Show that if $p(x) = a_nx^n +\dots+ a_1x + a_0$ and $a_n > 0$, then either $p(x) = 0$ has a solution, or else $p(x)$ has attains minimum value on $\mathbb{R}$.
I'm sorry I don't know how to even start the problem. I know that if it is an odd degree polynomial then it has roots.
Thank you. The second part confuses me the most. This is from an undergrad Real Analysis homework.
On
If $p$ has no roots, consider $f(x) = |\frac{1}{p(x)}|$. This is well-defined and continuous, and for some $N$, we have that $|x| > N$ implies $f(x) < 1$. Now $f$ assumes a max on the compact $[-N,N]$....
On
If your polynomial is of an odd degree, then:
$$\lim_{x\to-\infty}p(x)=\lim_{x\to-\infty}a_n\cdot x^n=-\infty$$ $$\lim_{x\to+\infty}p(x)=\lim_{x\to+\infty}a_n\cdot x^n=+\infty$$ So there is a root, or else there is a $x$ where $p(x)=0$.

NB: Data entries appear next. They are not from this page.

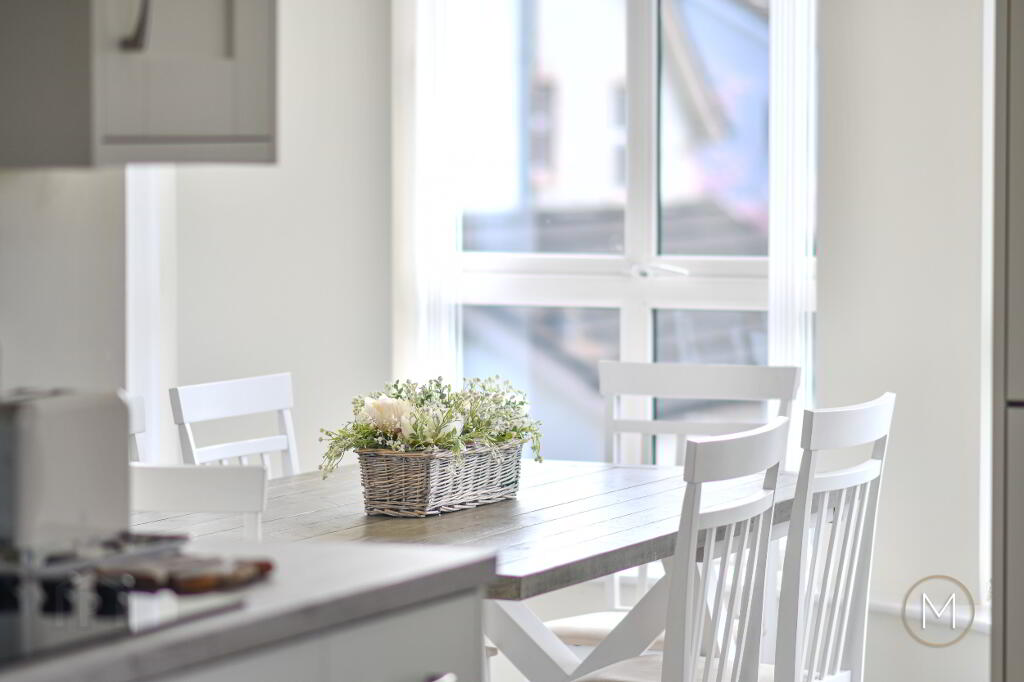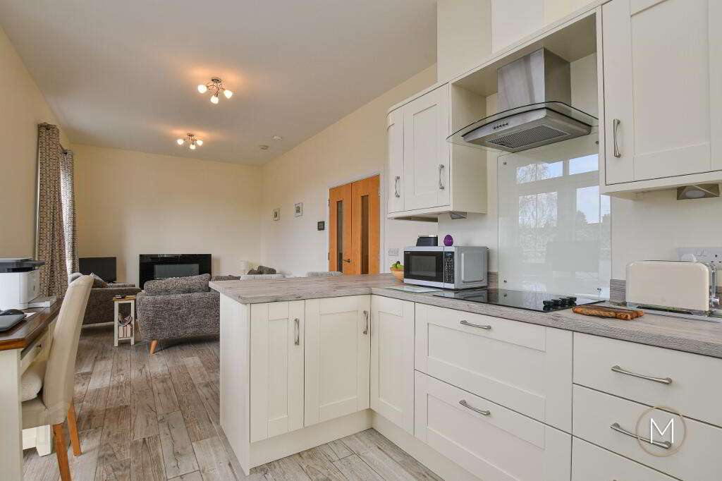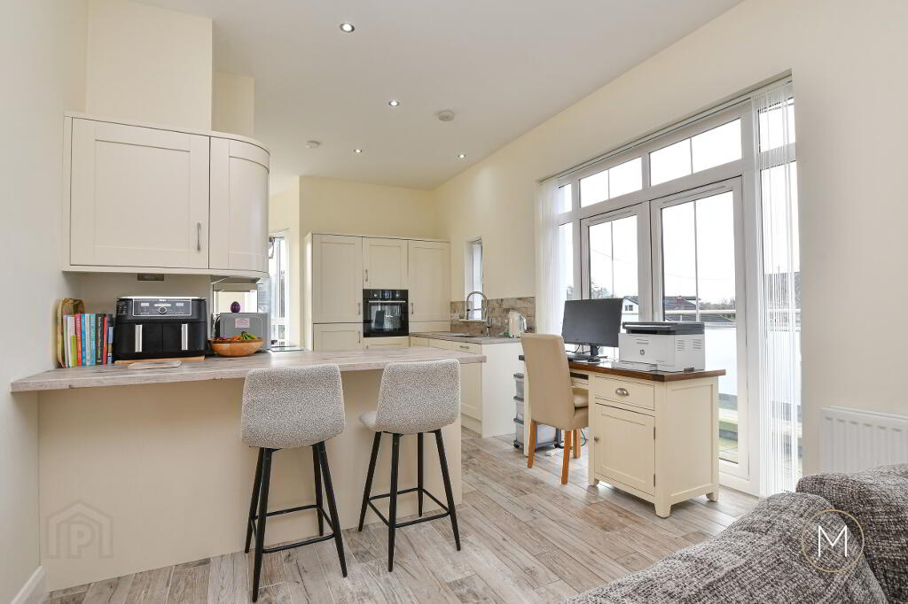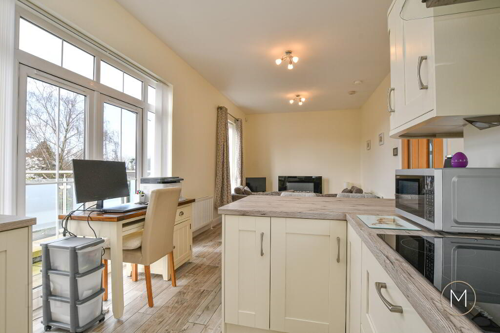 The living room benefits from contemporary LED spotlighting and flows seamlessly into the modern kitchen and dining area. The kitchen itself has been tastefully upgraded with solid wood ivory doors, complemented by contrasting work surfaces and integrated appliances for a sleek, streamlined finish. A dedicated dining area provides the perfect setting for entertaining, while a breakfast bar offers more informal seating. Double doors lead out to a private balcony with a stylish glass balustrade—ideal for enjoying morning coffee or evening relaxation.
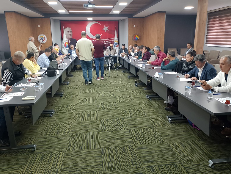 TSO Meclis Toplantı Salonunda düzenlenen toplantıda TSO Meclis Başkanı Tasin Tanyıldız, Yönetim Kurulu Başkan Yardımcısı Harun Günönü, Yönetim Kurulu Üyeleri Şemsi Durdu, Kadir Çaygeç, Cem Gül ve Ali Özkan’da yer aldı.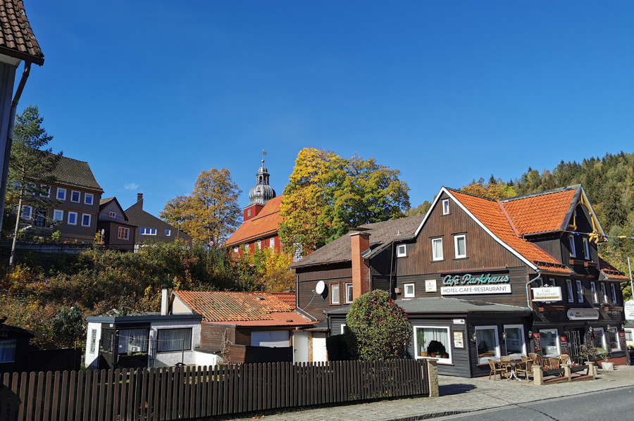 In the meantime we have tried various tours by bike coming from the Prahljust campsite in the direction of Altenau, some of which were quite adventurous to ride because they were very narrow, steep and curvy, but we had no problems with our equipment (HNF Nikolai XD 3 All Terrain and MTB) . Today, however, it should only go to the center of Altenau, because the well-known circular hiking trail "Altenauer Runde" was on our list.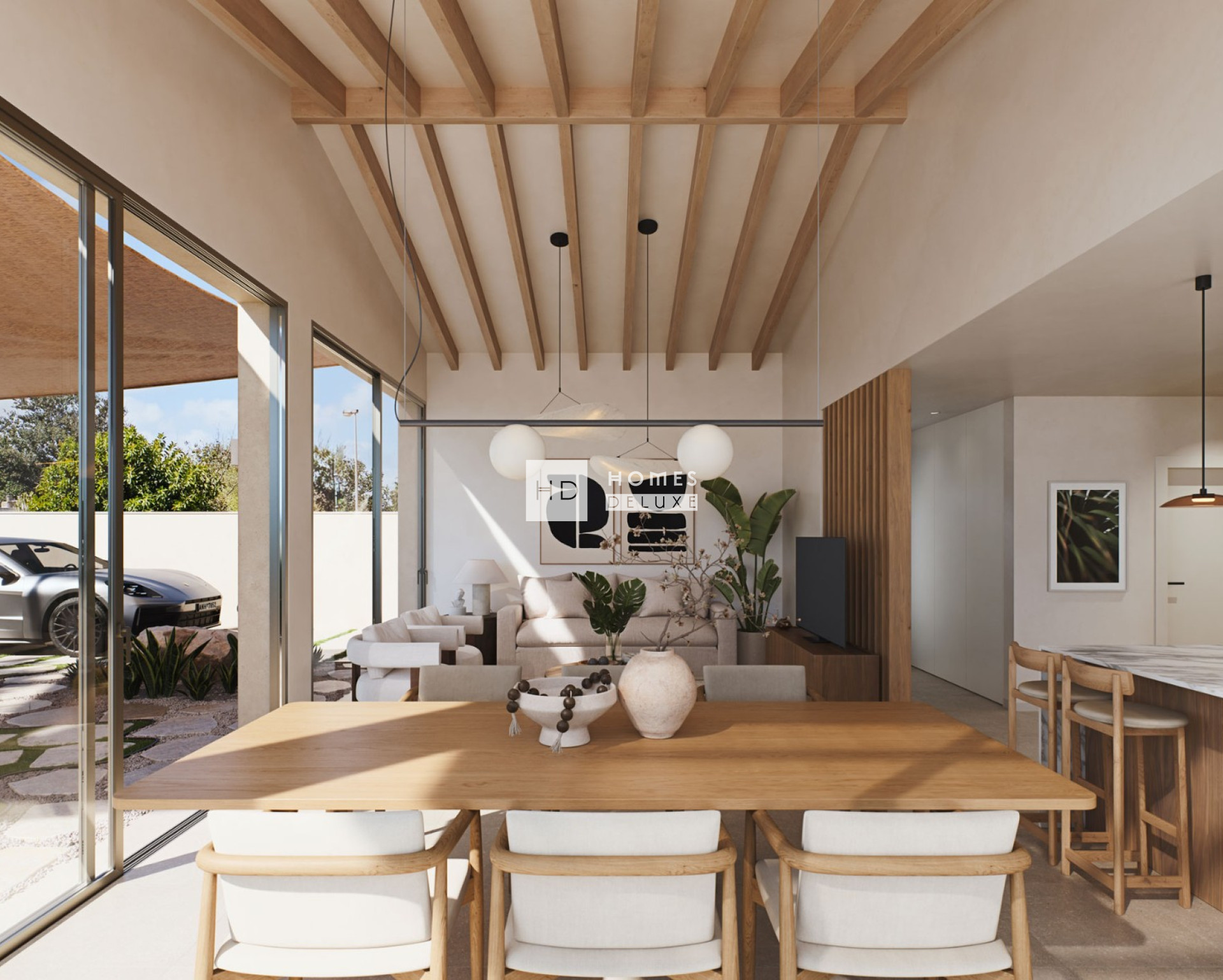 With a total built area of 130.6 m², the property has been thoughtfully laid out to maximise comfort. The interior layout comprises of an entrance hallway leading to the bright and spacious open plan lounge and dining area with large windows, providing natural light and direct connection to the garden. Within the main living space is a modern, fully equipped kitchen with centre island offering different models and colours to choose from. There is also a useful separate laundry room and guest toilet. The large Primary bedroom includes an en-suite bathroom and dressing area. There are a further two good sized double bedrooms, all bedrooms having patio door access onto the main terrace, and there is a separate family bathroom. The rooftop solarium is accessed via an exterior staircase at the side of the property.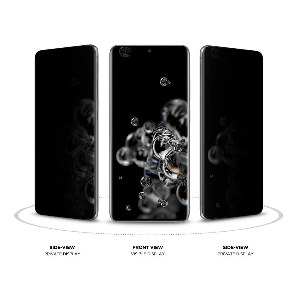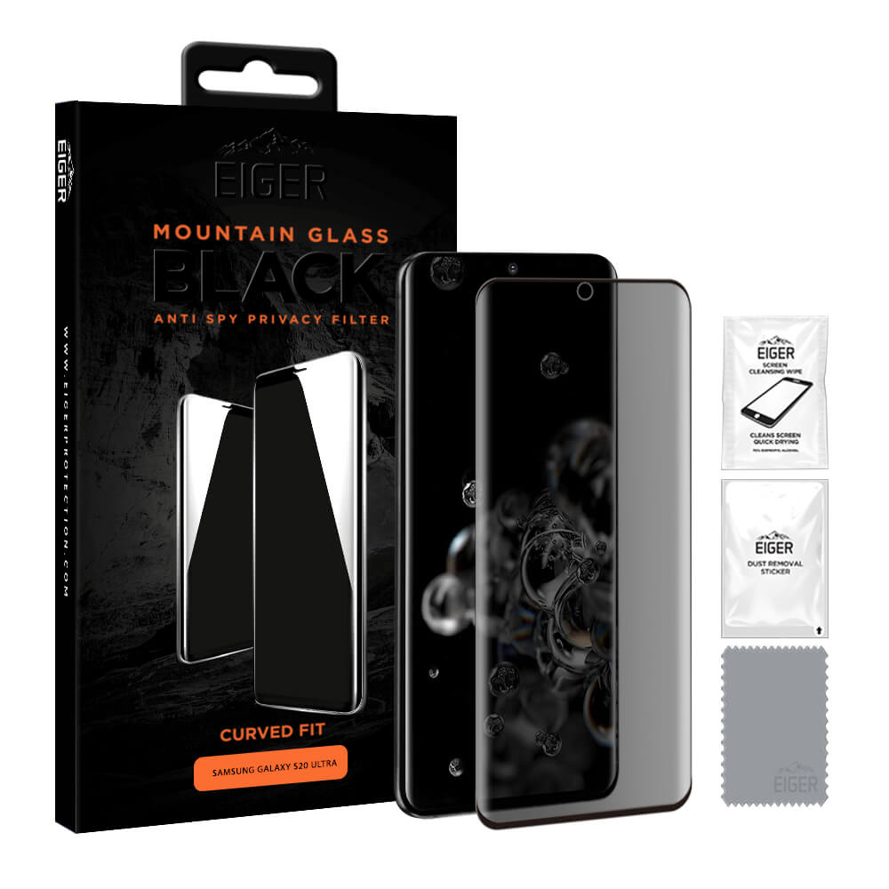Eiger Mountain Glass Black Curved Anti-Spy Privacy Filter Tempered Glass - калено стъклено защитно покритие с извити ръбове и определен ъгъл на виждане за дисплея на Samsung Galaxy S20 Ultra

If your polynomial is of an even degree, then you are not sure if it has a root. But it's first derivative $p'(x)$ is a polynomial of an odd degree($p'(x)=a_n n x^{n-1}+...+a_1$). As I showed before this polynomial has a root, which means there is an $x$ for which $p'(x)=0$, which in turn means that there are some $x$ where $p(x)$ has it's local minimum or local maximum value. Since $a_n>0$ and $p(x)$ tends to $+\infty$ when $x\to-\infty$ or $+\infty$ then at at least one $x$ of the above equation the polynomial has a global minimum value.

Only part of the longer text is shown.